The v3 algorithm is more complicated and I didn't bother figuring it out. Every OTA I've seen uses v2 + lz4, including the Android 15 betas. We can revisit this later if that changes.

chenxiaolong commented 3 months ago

This should be easy enough to implement. It can be snuck into avbroot::format::payload::compress_image(). We already parallelize other compression operations there based on a multiple of the block size.

The only caveat is that avbroot uses the Rust lz4_flex library, which is a complete reimplementation of lz4, while AOSP's libsnapshot_cow uses the original lz4. The compression ratios should be very close though, so hopefully that won't matter.

chenxiaolong commented 3 months ago

The performance impact on the patching process seems to be pretty negligible.

Non-scientific test (husky_beta-ota-ap31.240517.022-8f9fd0f3.zip with --replace system system.img on an Intel i9-9900KS):

chenxiaolong commented 3 months ago

The only caveat is that avbroot uses the Rust lz4_flex library, which is a complete reimplementation of lz4, while AOSP's libsnapshot_cow uses the original lz4. The compression ratios should be very close though, so hopefully that won't matter.

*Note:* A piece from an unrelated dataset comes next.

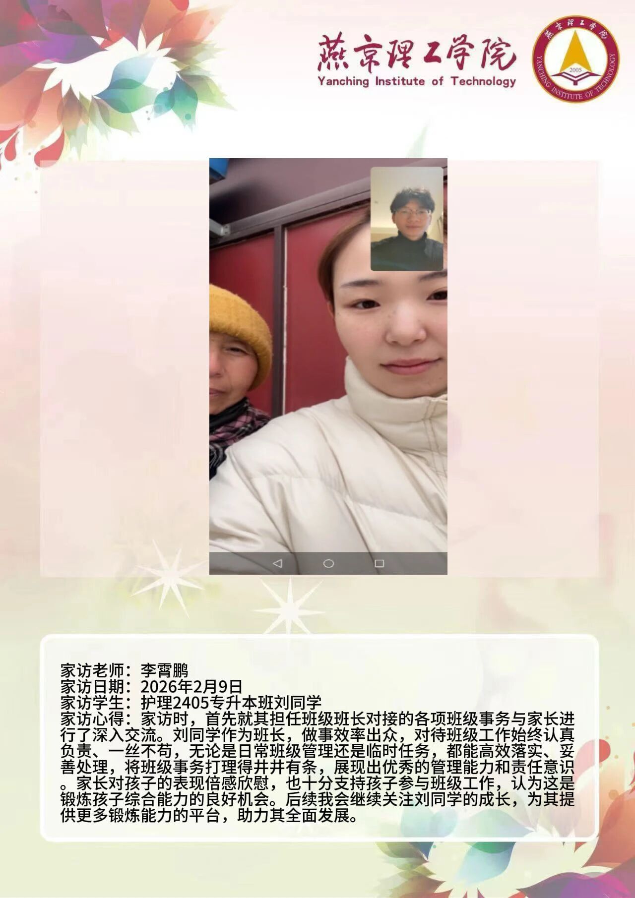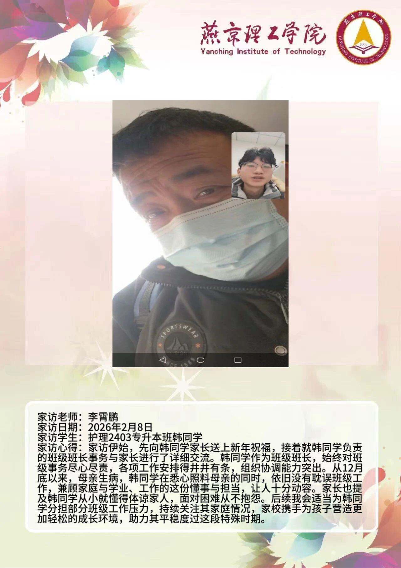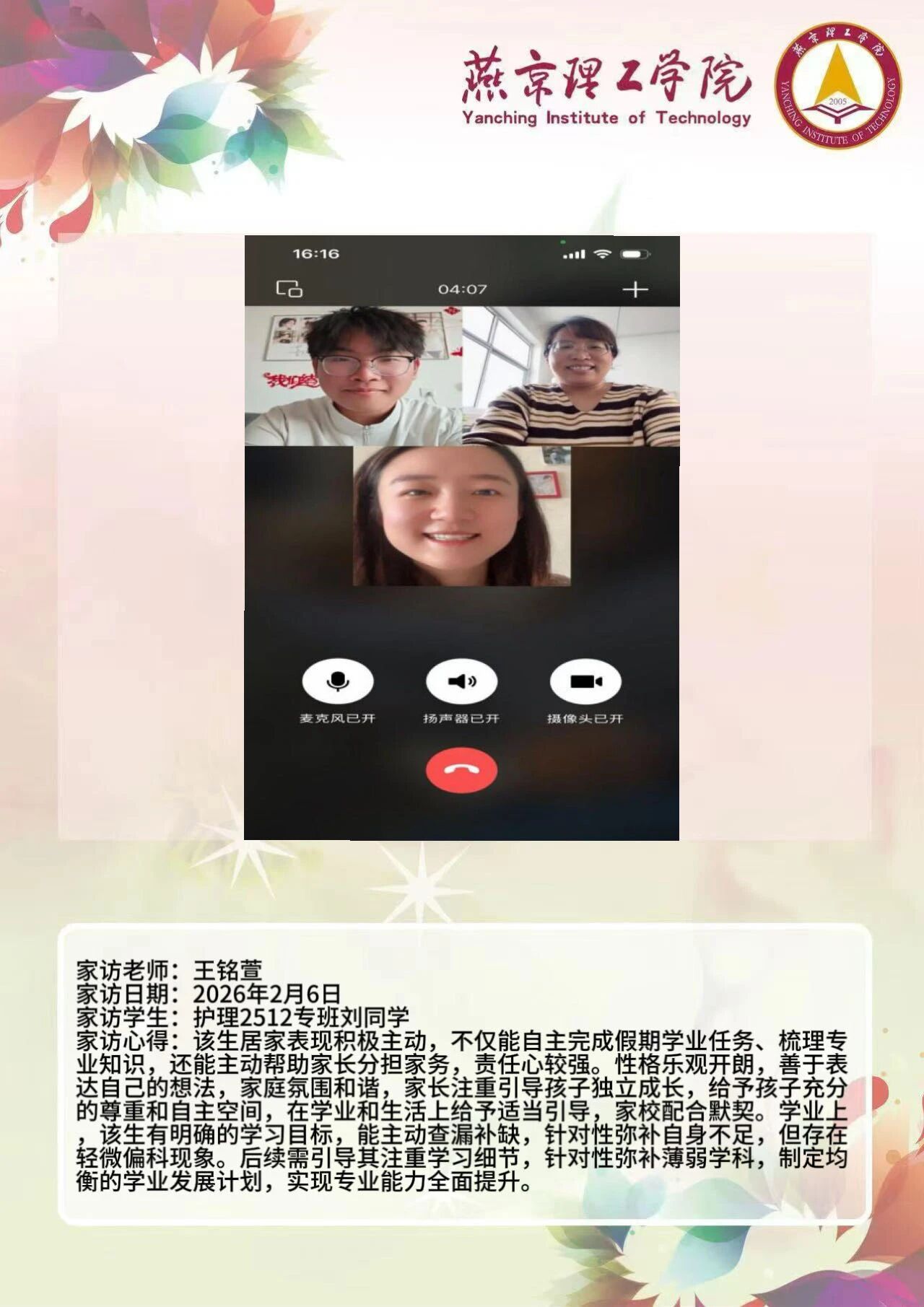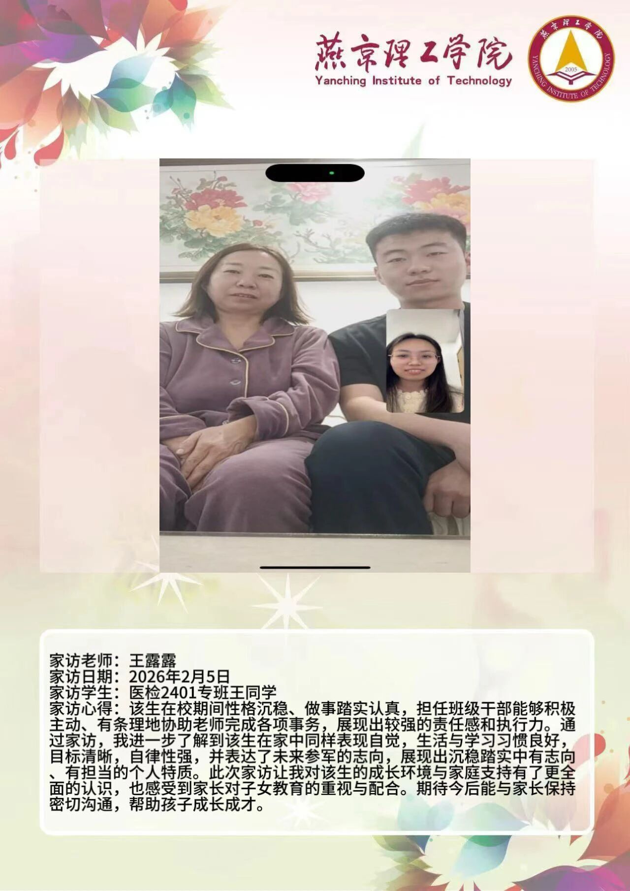 为全面落实立德树人根本任务,深化拓展家校协同育人路径,环境与健康学院于2026年寒假扎实开展了“携手伴成长,家访拓新篇”主题大家访活动。辅导员老师通过线上视频形式与学生家庭开展“面对面”深度对话,将学校的关怀与温暖精准送达学生家庭,筑牢家校协同育人桥梁。 王铭萱老师 王露露老师 李霄鹏老师 通过本次“大家访”活动,学院进一步加强了与学生家长的沟通,深入了解学生家庭的现实状况,用心用情用力解决好学生的实际问题,持续构建家校合力育人的良好局面,增强大学生思想政治教育工作的针对性、实效性,促进大学生健康全面成长成才。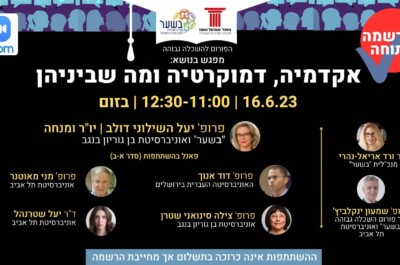 ה-16.6.23 בשעות 12:30-11:00, בזום יו"ר ומנחה: פרופ' יעל השילוני דולבעל רקע המאבק על דמותה וערכיה של מדינת ישראל כמדינה דמוקרטית נקיים דיון בשאלת קשרי הגומלין שבין דמוקרטיה ליברלית לבין שדה הפעולה והאתוס של האקדמיה.בין היתר נשאל:• האמנם אין אק

Time to eat my words. lz4_flex compresses system.img better than lz4. I guess I'll have avbroot fudge the numbers by 1% to account for that. This will only waste a few megabytes of space during OTA flashing. That'll get returned to the user after rebooting and the CoW snapshots have been merged. And on Pixels, it shouldn't waste any space. The super partition is a huge 8 GiB, so the CoW snapshots should never spill over into the userdata partition.